**Task objective**
Write the lines out again, from the top of the material to the line containing "Movember - Presentation", pictures excluded.

**Data shown**
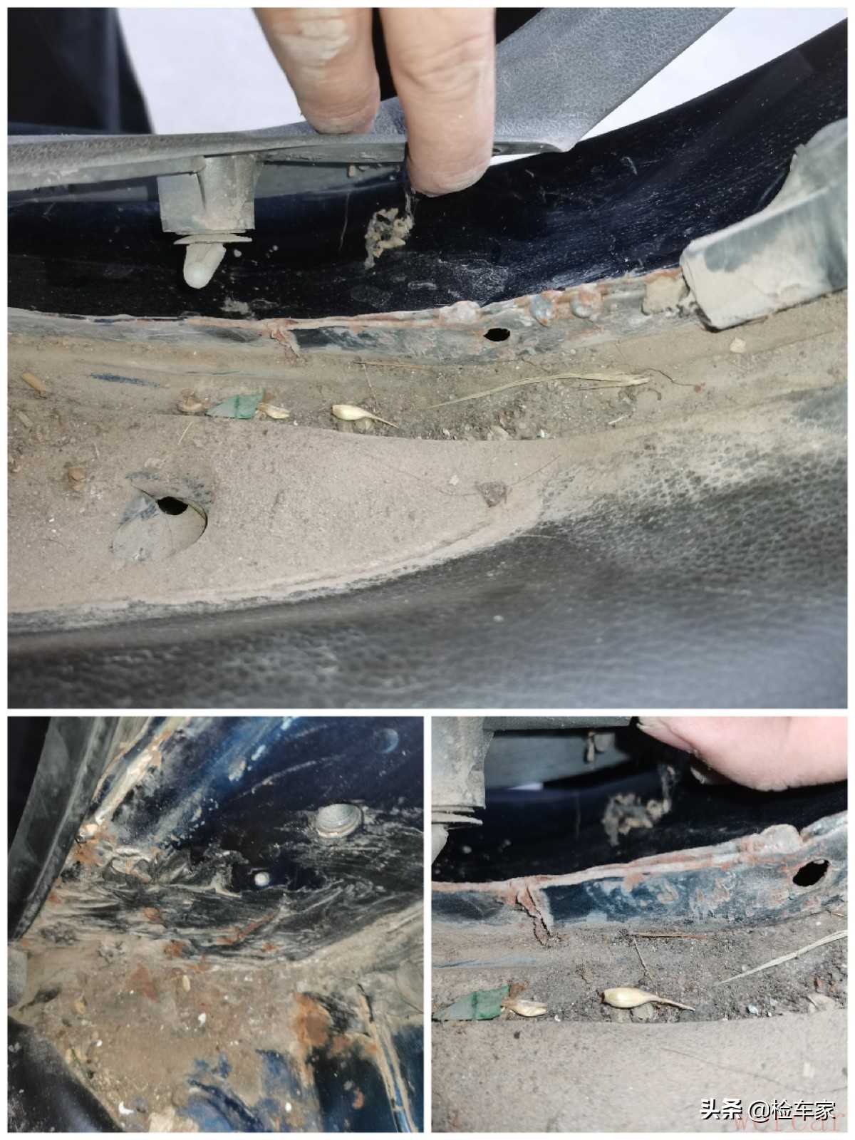 "扒开胶条看到猛烈撞击:" 这是非常关键的信息。轮胎和轮毂周围的胶条(通常是黑色或灰色的橡胶护胎条)是保护车辆侧裙和车身结构的。如果这里的胶条变形、破损严重,或者有明显的修复痕迹,往往暗示着车辆曾经发生过比较严重的侧面碰撞。这种撞击可能会对车身结构、悬挂系统、转向系统等造成不易察觉的损伤,即使看起来修复得不错。
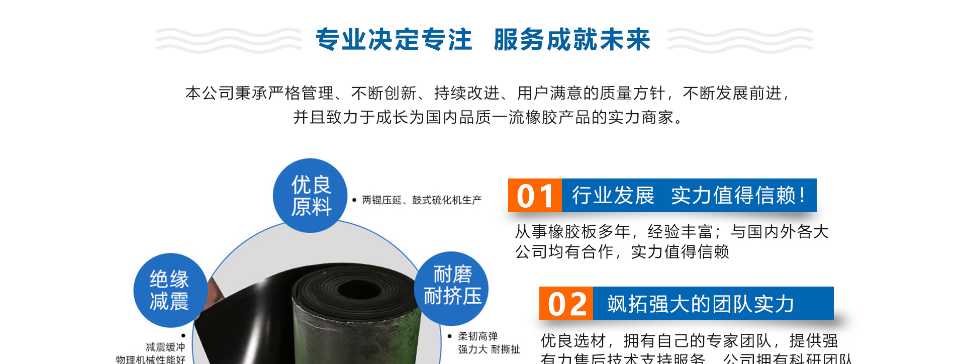 安徽颯拓新材料科技有限公司成立于2018年07月,公司位于安徽省宣城市宣州區貍橋鎮宣州經濟開發區南漪湖大道28號,公司主要生產研發銷售橡膠板、工業橡膠板、絕緣橡膠板、天然橡膠板、加布橡膠板、氟橡膠板等,公司有完善的師資團隊及生產設備。本公司秉承嚴格管理、不斷創新、持續改進、用戶滿意的質量方針,不斷發展前進,并且致力于成長為國內品質好的橡膠產品的實力商家。公司長期以優良的服務、合理的價格與多家企業建立了長期的合作關系。安徽颯拓新材料有限公司熱誠歡迎各界前來參觀、考察、洽談業務。
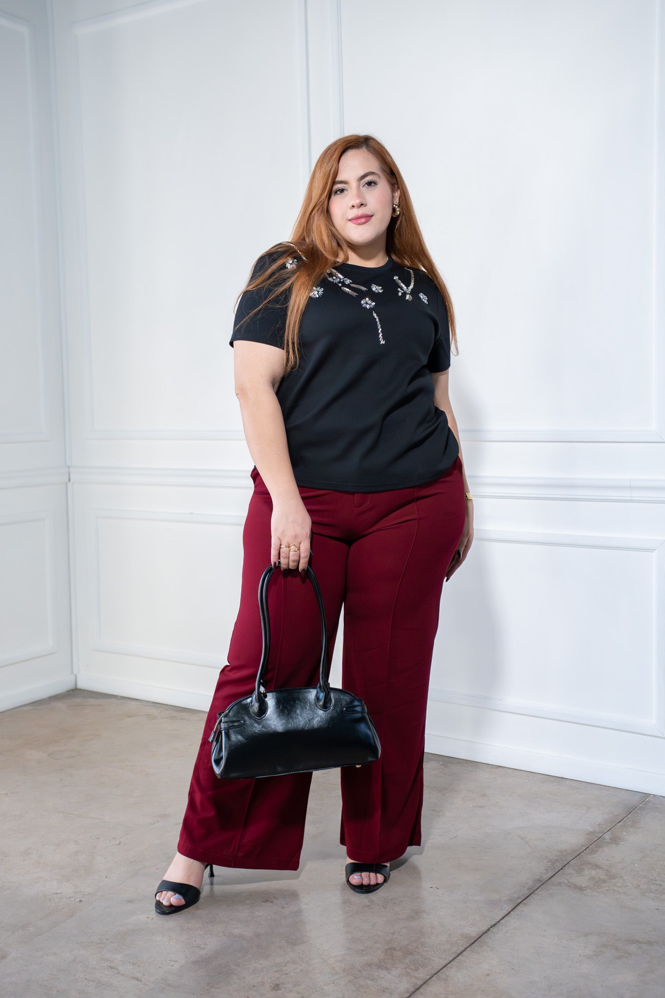 Pantalon palazo vestir tinto
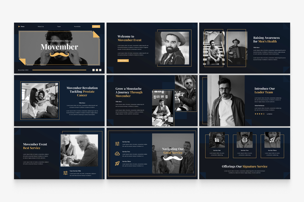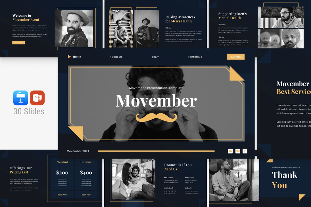 Movember - Presentation Template is a presentation/pitch deck template with professionals to make your next presentation amazing.
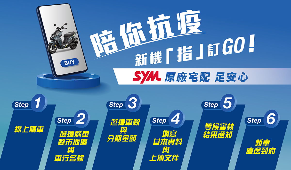 SYM線上購車服務,提供消費者在SYM官網賞車後,消費者可直接線上完成購車及分期手續辦理,並依照SYM線上購車網站選擇購車地區及服務車行,上傳基本資料及相關文件,即可完成愛車訂購與分期手續辦理,SYM更提供貼心的新車直送到府服務,讓消費者免去外出染疫的風險,輕鬆一指安心購新車!
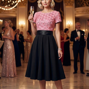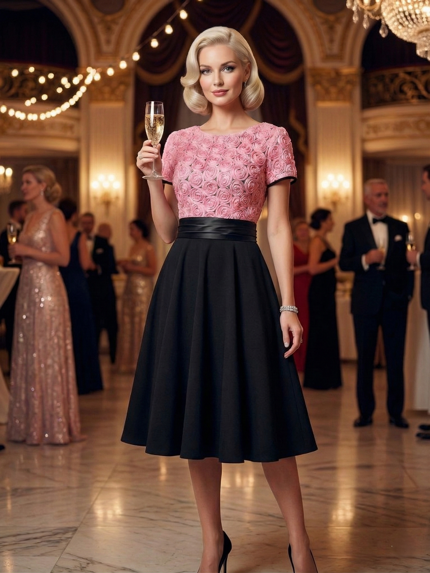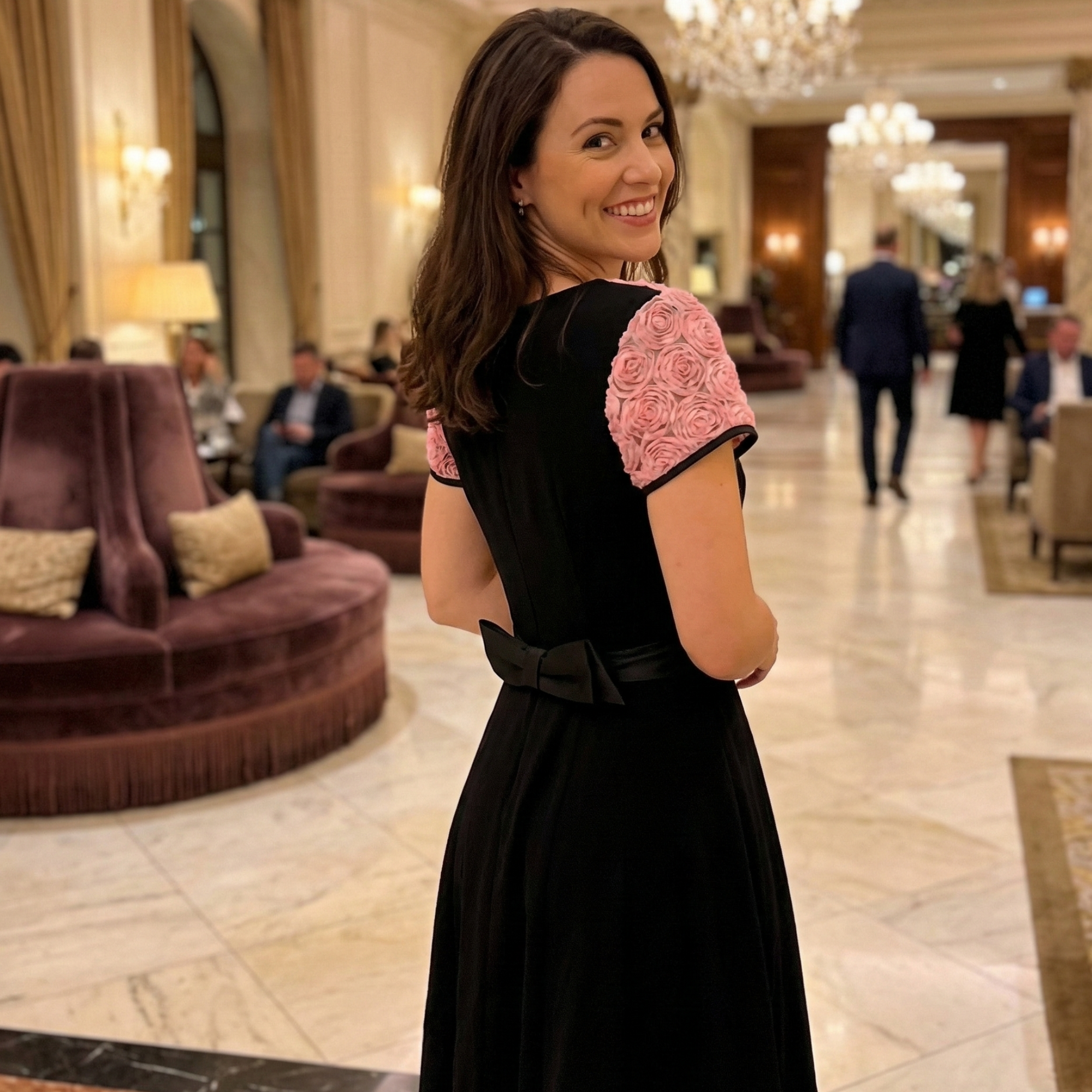 Gorgeous black circle dress with a pink roses bodice. Never made sample.
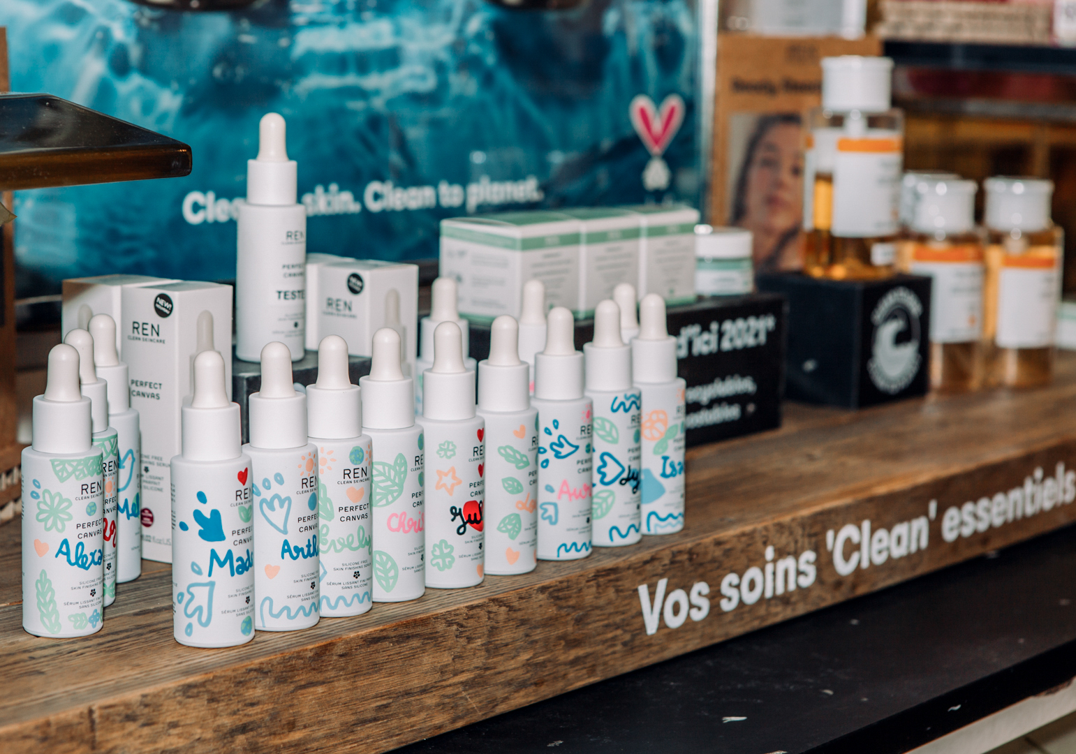 PS 2 : il y a un pop up store Ren au Bon marché jusqu’au 20 janvier (en plus du stand permanent), qui propose plein d’activités autour de ses produits et ses engagements : mini soins et master classes, cadeaux (un produit taille voyage offert pour tout flacon cosmétique vide rapporté, quelle que soit la marque ; un produit taille voyage de votre routine offert pour tout diagnostic de peau – le diagnostic est gratuit).
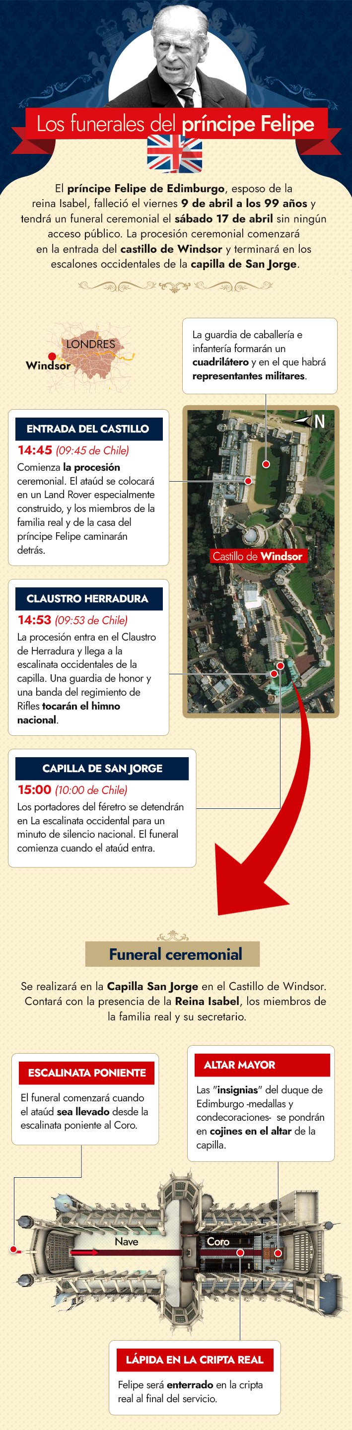 El sábado se realizará inicialmente una procesión antes de la ceremonia final en la Capilla de San Jorge, donde Felipe será enterrado en la cripta real.
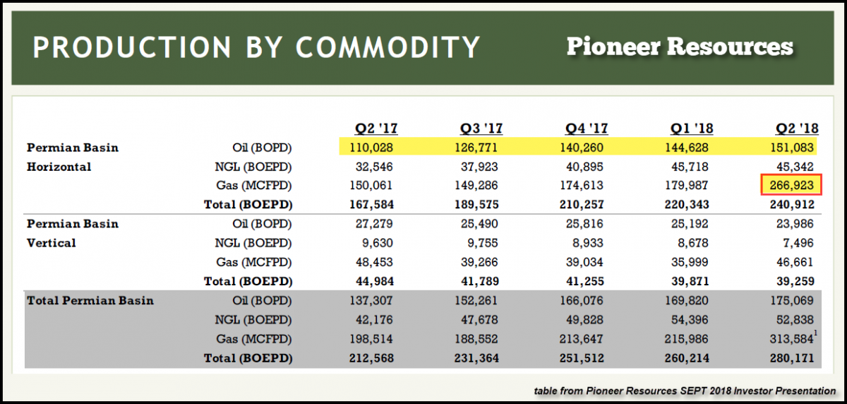 You will notice that Pioneer’s shale oil production increased significantly in Q3 & Q4 2017 versus Q1 & Q2 2018. Furthermore, Pioneer’s shale gas production surged in Q2 2018 by nearly 50% (highlighted with a red box) compared to oil production only increasing 5%. That is a serious RED FLAG for natural gas production to jump that much in one quarter.
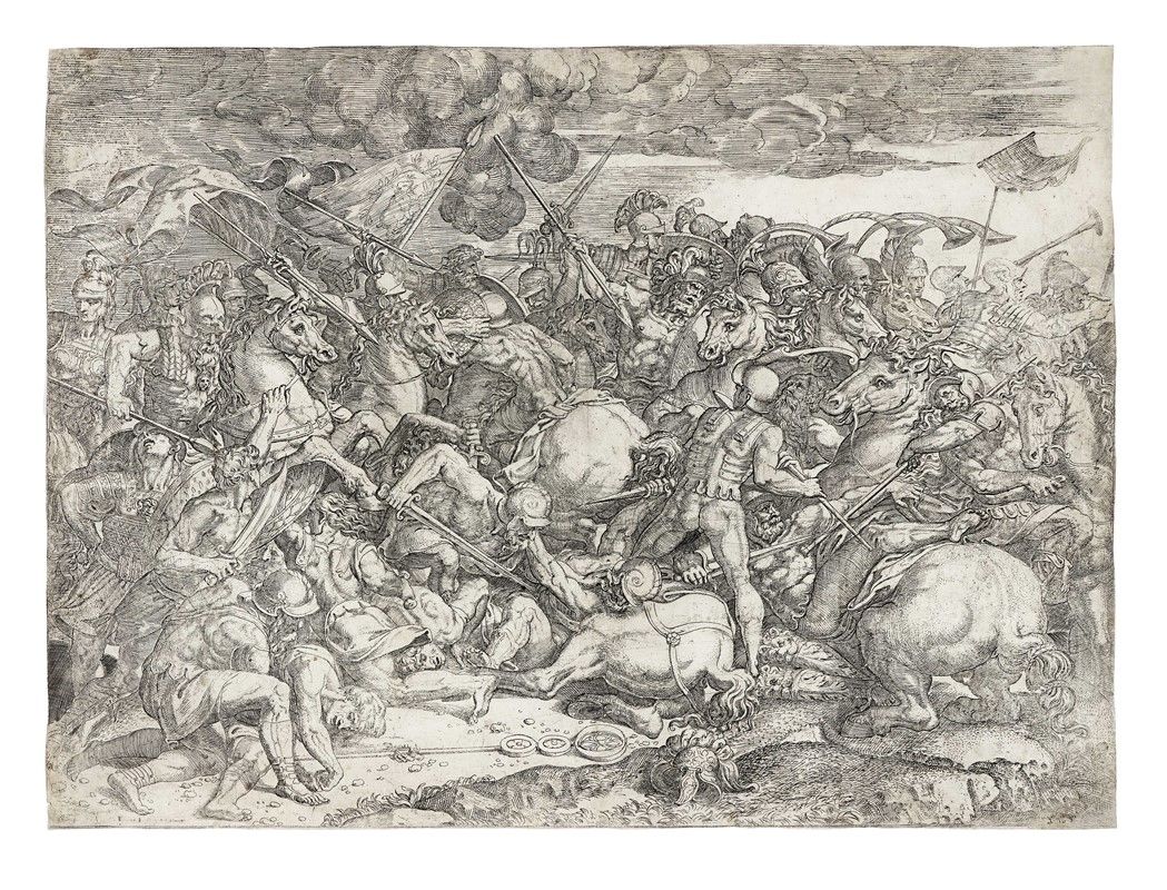Acquaforte. mm 403x550. Bartsch, XVI, 37. Massari (raphael invenit), p.113,II,2. Il combattimento raffigura la sola parte sinistra della Battaglia di Ponte Milvio affrescata nella Sala di Costantino dei Palazzi Vaticani. L'acquaforte non è comunque tratta dall'affresco ma dal cartone di Giulio Romano all'Ecole des Beaux Arts di Parigi (inv.2773). Variamente attribuita anche a Orazio Farinati, la critica più recente sembra tuttavia assegnare l'incisione, per la condotta sicura e il sapiente uso del chiaroscuro, a Battista del Moro. Buona prova su carta vergellata pesante con filigrana "fiore di giglio in cerchio singolo sormontato da grande corona".
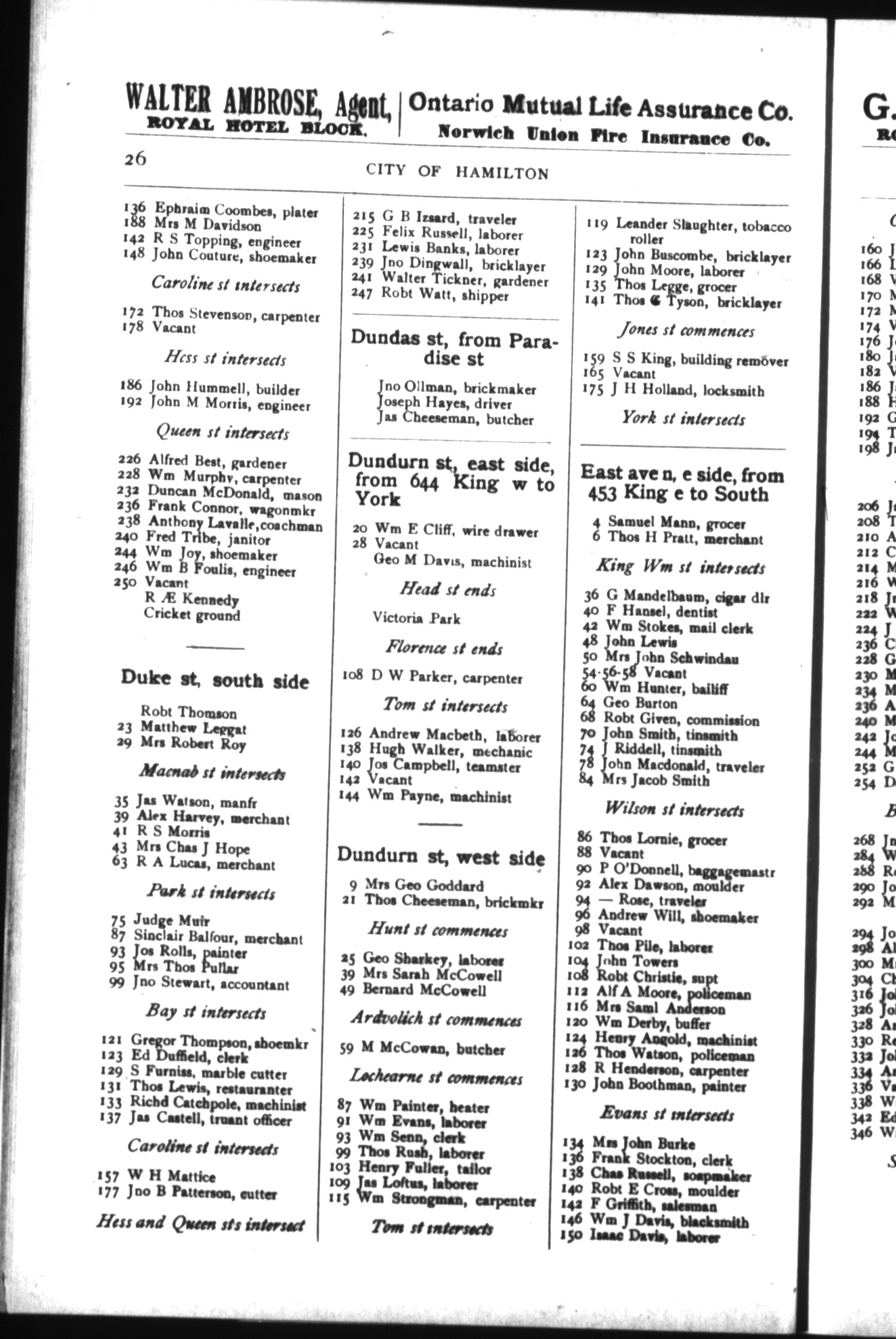City of Hamilton ... annual street, alphabetical, general, miscellaneous and classified business directory for the year ... : City of Hamilton nineteenth annual street, alphabetical, general, miscellaneous and classified business directory for the year March 1892, March 1893 : Nineteenth (1892-1893)
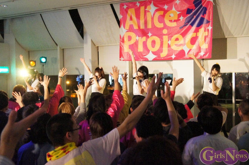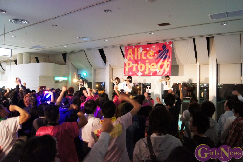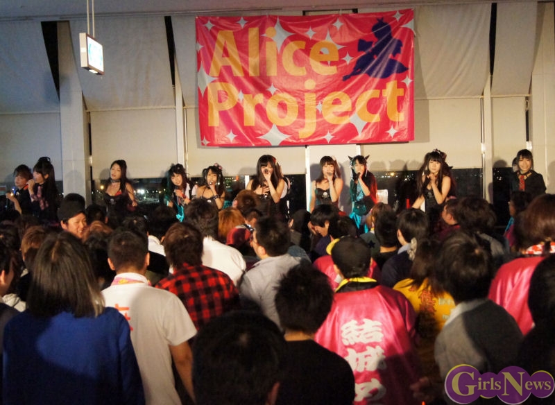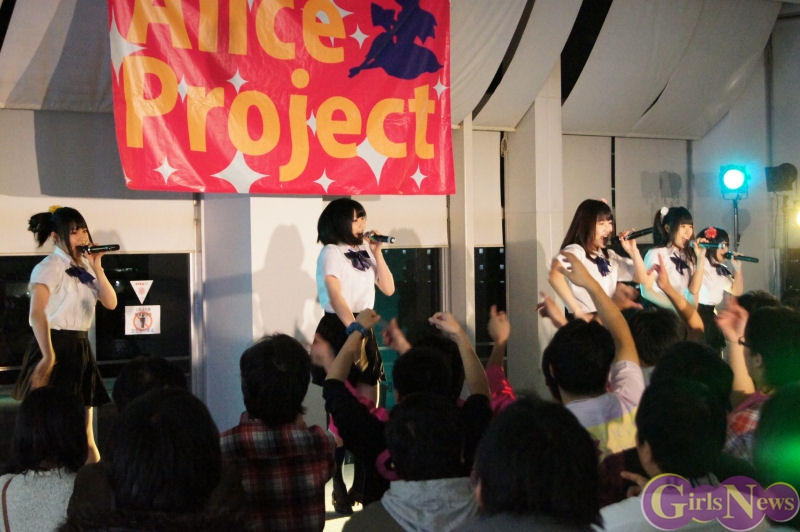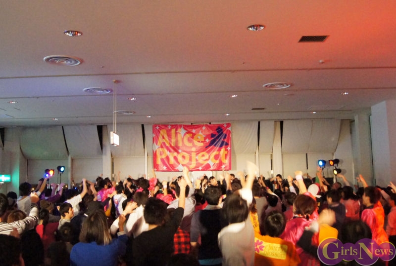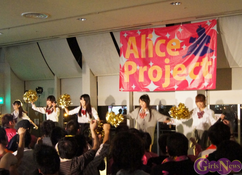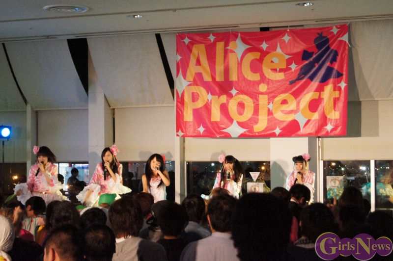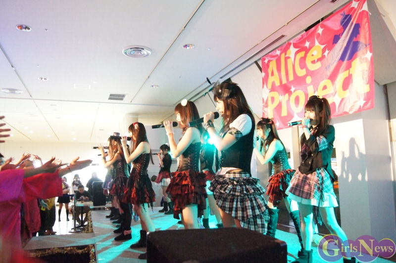 1月31日、アリスプロジェクトのアイドルユニット「アリス十番」「ぴゅあふる」「チェリーブロッサム」「Prism」、そして今回「かぶラカタブLOVE」でデビューする新ユニット「麻友美withほわいと☆milk」によるライブがお台場パレットタウン 東京レジャーランド特設ステージにて行われた。

**Reply**
 "扒开胶条看到猛烈撞击:" 这是非常关键的信息。轮胎和轮毂周围的胶条(通常是黑色或灰色的橡胶护胎条)是保护车辆侧裙和车身结构的。如果这里的胶条变形、破损严重,或者有明显的修复痕迹,往往暗示着车辆曾经发生过比较严重的侧面碰撞。这种撞击可能会对车身结构、悬挂系统、转向系统等造成不易察觉的损伤,即使看起来修复得不错。
 安徽颯拓新材料科技有限公司成立于2018年07月,公司位于安徽省宣城市宣州區貍橋鎮宣州經濟開發區南漪湖大道28號,公司主要生產研發銷售橡膠板、工業橡膠板、絕緣橡膠板、天然橡膠板、加布橡膠板、氟橡膠板等,公司有完善的師資團隊及生產設備。本公司秉承嚴格管理、不斷創新、持續改進、用戶滿意的質量方針,不斷發展前進,并且致力于成長為國內品質好的橡膠產品的實力商家。公司長期以優良的服務、合理的價格與多家企業建立了長期的合作關系。安徽颯拓新材料有限公司熱誠歡迎各界前來參觀、考察、洽談業務。
 Pantalon palazo vestir tinto
 Movember - Presentation Template is a presentation/pitch deck template with professionals to make your next presentation amazing.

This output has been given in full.